Senators at a hearing Thursday seized on Facebook’s internal research about the mental health effects of its platforms, arguing the social media giant can’t be trusted to act in the best interest of children and teens. Sen. Richard Blumenthal said Facebook has “chosen growth over children’s mental health and well-being, greed over preventing the suffering of children.”

“Facebook has shown us once again that it’s incapable of holding itself accountable,” Blumenthal said. 

Facebook’s Antigone Davis said the company uses its own studies and works with outside experts to develop tools to keep young users safe on its platforms, give parents more safety options and prevent people younger than 13 from lying about their age to create accounts. 

“It’s why we conduct this research: to make our platforms better, to minimize the bad and maximize the good, and to proactively identify where we can improve,” Davis said in her prepared remarks. “Facebook is committed to building better products for young people, and to doing everything we can to protect their privacy, safety, and well-being on our platforms.”

The hearing follows reporting by The Wall Street Journal that Facebook understood the negative effects Instagram has on young users, including anxiety, depression and suicidal thoughts, and yet downplayed the research.
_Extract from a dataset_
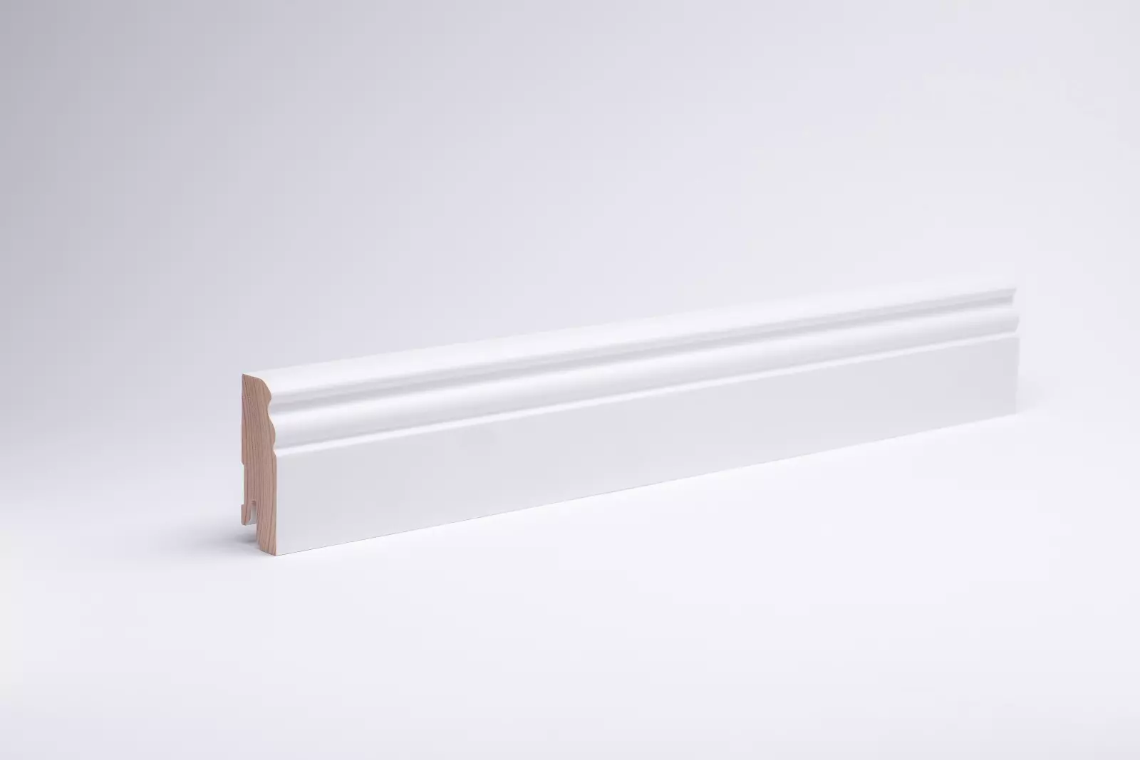 Massivholz-Sockelleiste Berliner Profil 60 mm - Weiß RAL 9016

Almost a third of young teen girls with body image issues told Facebook that scrolling through Instagram made those issues worse, according to documents reviewed by the newspaper. 

The Journal also detailed how Facebook is aware that millions of celebrities get special treatment for questionable content, human traffickers actively use the platform, and an algorithm change fueled increasingly divisive posts. The Journal series has reignited anger in Washington at the social media giant, although lawmakers are still far from passing proposed legislation aimed at the platform.

“You’ve lost the trust and we do not trust you,” Tennessee Sen. Marsha Blackburn, the panel’s ranking Republican, told Davis.



Instagram’s head of research, Pratiti Raychoudhury, said in a blog post Sunday that the study quoted by The Journal was a small sample of 40 teens, and most of them reported feeling better in other categories like loneliness and anxiety after using Instagram. Raychoudhury’s post also detailed actions taken to make Instagram a healthier platform for young people, like adding resources for those struggling with eating disorders and removing some content related to suicide. 

The company released two slide decks late Wednesday outlining Instagram’s mixed impact on the way young people feel about themselves. The Wall Street Journal later released additional documents that informed the newspaper’s reporting. 

As part of its response to the fallout from the Journal’s reporting, Facebook announced Monday that it will pause work on a version of Instagram for children. Still, Adam Mosseri, the head of Instagram, said in a blog post that building a version of Instagram designed for children ages 10-12 is still “the right thing to do” to give parents more control. 

Davis said from June to August, Facebook removed 600,000 accounts belonging to children younger than 13. She also said the company is looking for ways to release more of the company’s internal studies and to give external researchers access to Facebook data.

Blumenthal told reporters Wednesday that a pause is “totally insufficient.” 

“It’s a mockery of what they should be doing, which is to say, stop exploiting children and cease abusive practices that put profits over children’s safety,” he said.